Traditionally, fairness in AI requires fostering outcomes that do not provide unjustified harms to individuals, regardless of their race, gender, or other protected attributes. This paper argues for extending this tenet to algorithmic discrimination against animals. Up to now, the AI fairness community has largely disregarded this particular dimension of discrimination. Even more so, the field of AI ethics hitherto has had an anthropocentric tailoring. Hence, despite the longstanding discourse about AI fairness, now amounting to a substantial literature critically scrutinizing machine biases regarding race, gender, political orientation, religion, etc., this is the first paper to describe speciesist biases in various common-place AI applications like image recognition, language models, or recommender systems. Accordingly, we follow the calls of another large corpus of literature, this time from animal ethics, pointing from different angles at the ethical necessity of taking animals directly into consideration [49, 62, 149,150,151,152,153]. This ethical necessity arises from the moral status of animals themselves as well as from the human cost of devaluing animals [27, 28].

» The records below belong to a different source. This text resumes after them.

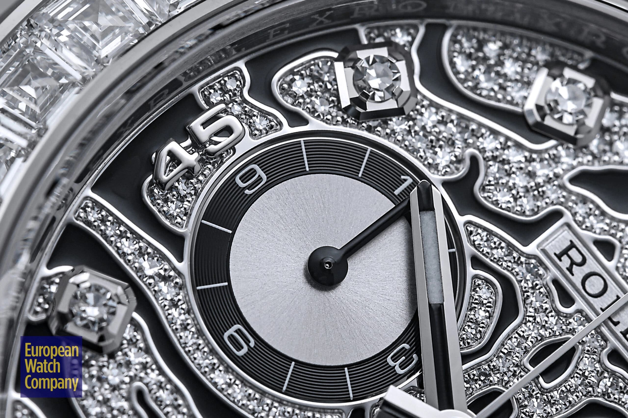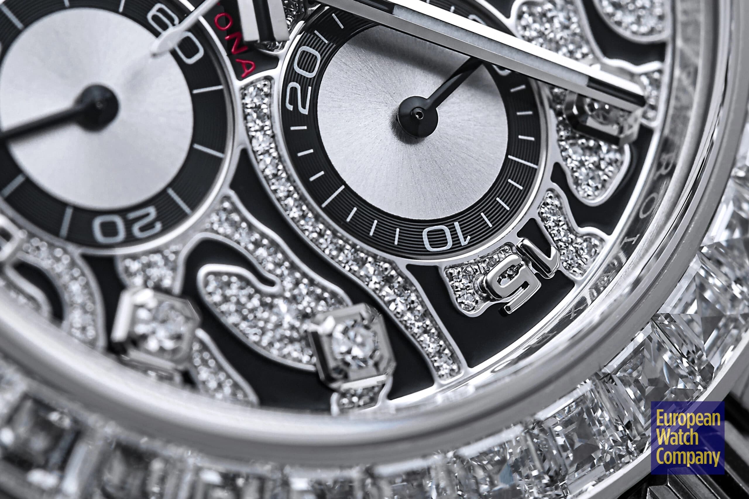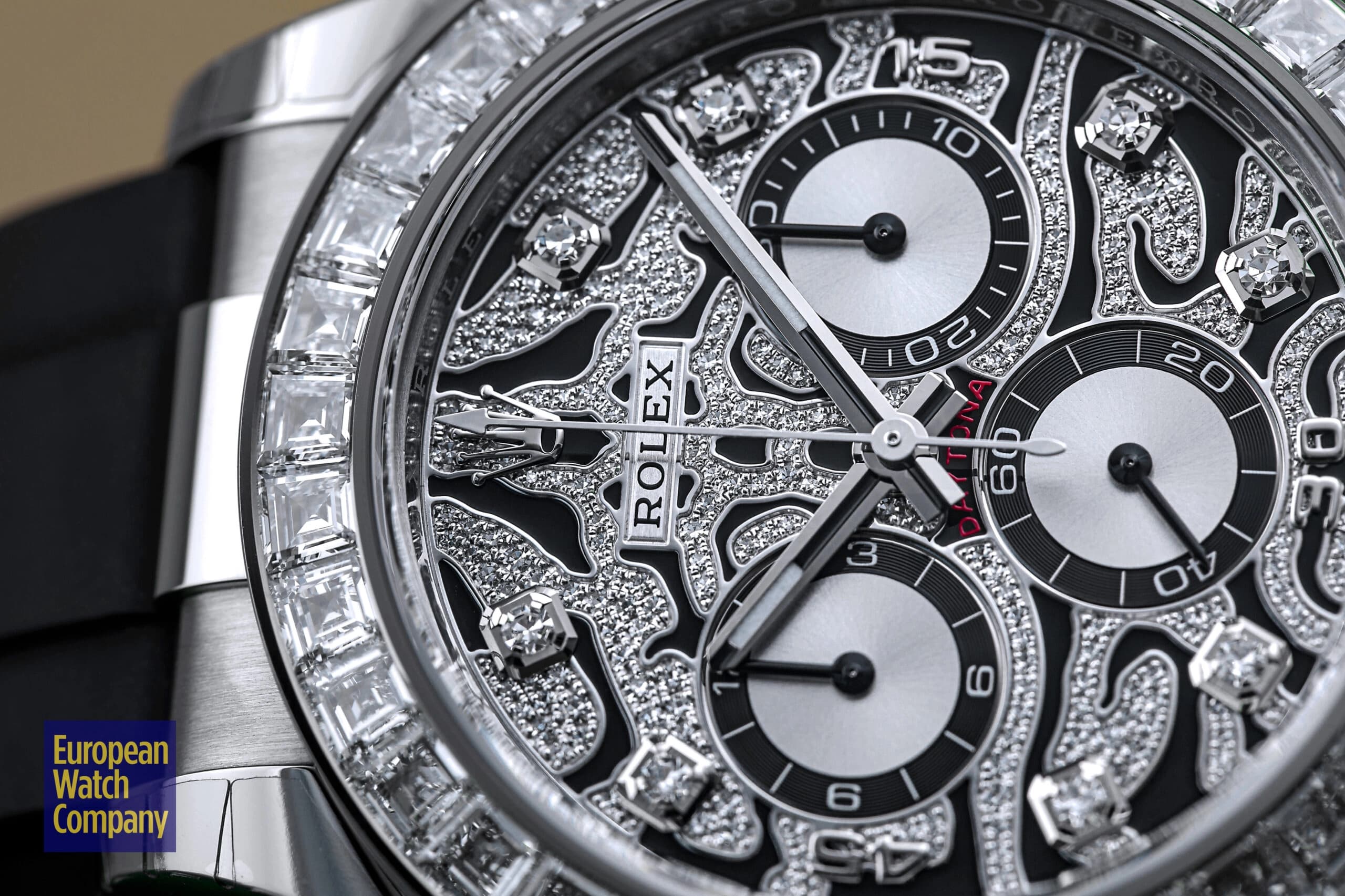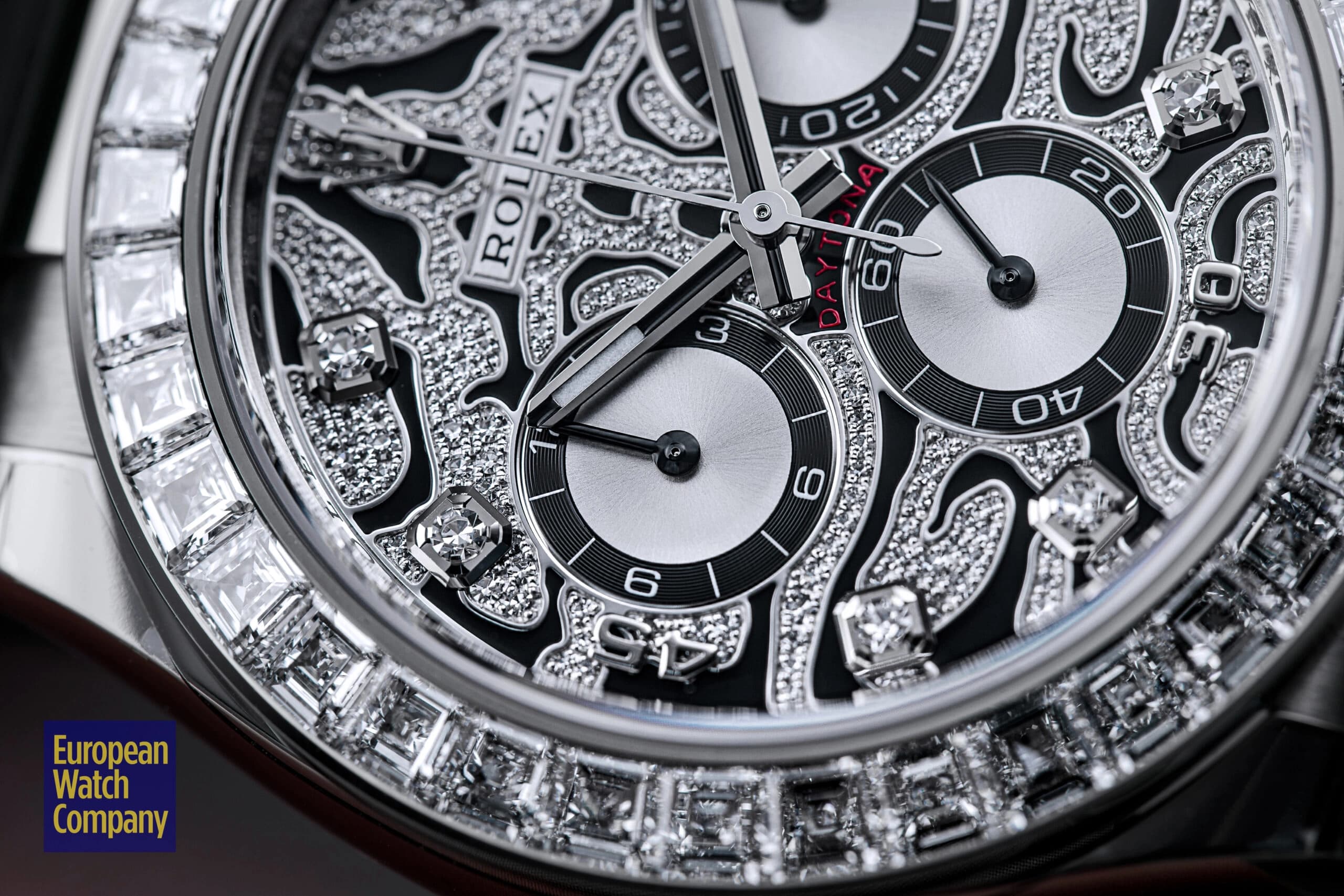 However, this is more or less where the visual similarities to the standard-production models end, and the dial and bezel fitted to the reference 116589TBR are unlike anything else you will find within Rolex’s current lineup. The “Eye of the Tiger” nickname comes from the watch’s dial, which features a striking motif consisting of a diamond-paved surface punctuated by black lacquer tiger stripes. The silver colored sub-dials feature black contrasting rings and remain largely unadorned, while the hour markers themselves are represented by additional brilliant-cut diamonds, with applied white gold Arabic numerals at the 15, 30, and 45 minute markers. Additionally, unlike the the normal Rolex Daytona models, the reference 116589TBR swaps out the usual tachymeter scale bezel for one that is set with 36 flawless trapeze-cut diamonds, and this immediately gives it an ultra-lavish appearance that is further elevated by its unmistakably opulent tiger stripe diamond dial.
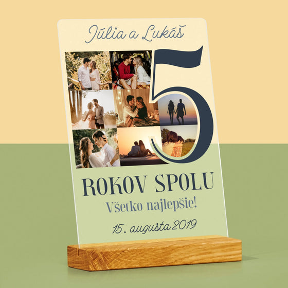 €19,99Jednotková cena /NedostupnéFotokoláž: 5 Rokov Spolu - Tlač na akrylové sklo LED
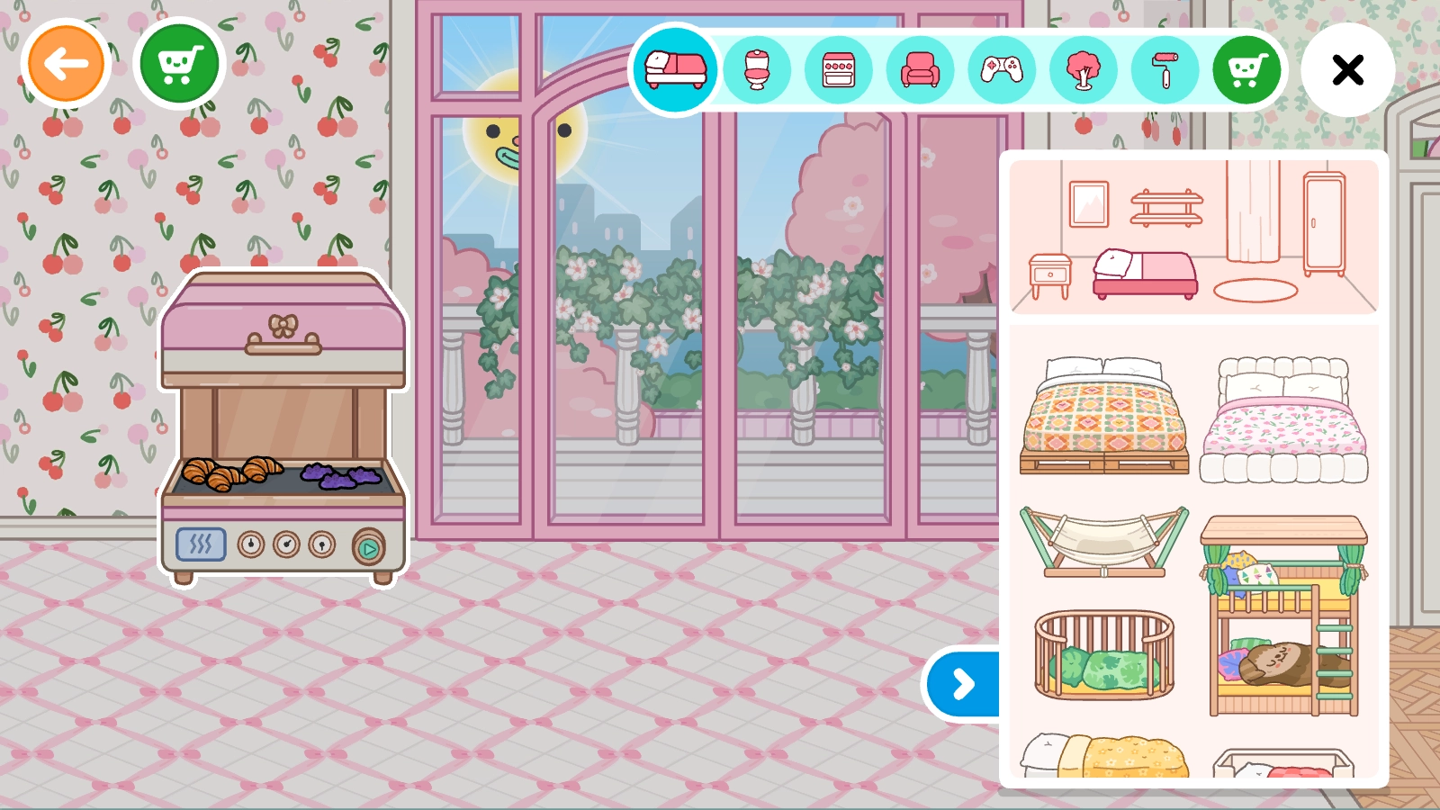 点击就能进入,接着点击右上角就能对屋内进行装修和家具布置了。
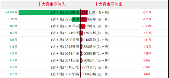 淡仓(认沽证及熊证)方面,周三腾讯相关淡仓单日录得约4,797万港元资金净流入,药明、平安等相关淡仓单日亦录得少量资金净流入;相反,比迪相关淡仓单日录得约561万港元资金净流出,友邦、舜光等相关淡仓亦见部分资金净流出。
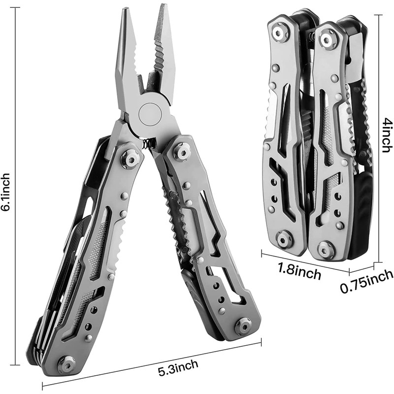 • Rugged Construction: Each tool is made of thickened 420 stainless steel which makes the multitool super solid and sturdy and guarantees years of reliable performance. High quality stainless steel prevents the pliers from rusting so as to ensure an enduring lifespan

In sum, the manifold occurrences of speciesist machine biases lead to a subtle support, endorsement, and consolidation of systems that foster unnecessary violence against animals. The ethical urgency to change the many industries in which specific animal species are suppressed and exploited [49] should be a wake-up call for AI practitioners, engaging them to apply the rich toolbox of existing bias mitigation measures in this regard. Whether they will succeed or fail with this task is likely to determine whether future AI applications from various domains will underpin systems of violence against, and disregard for, animals or counteract them by putting anti-discrimination measures into practice to the fullest possible extent.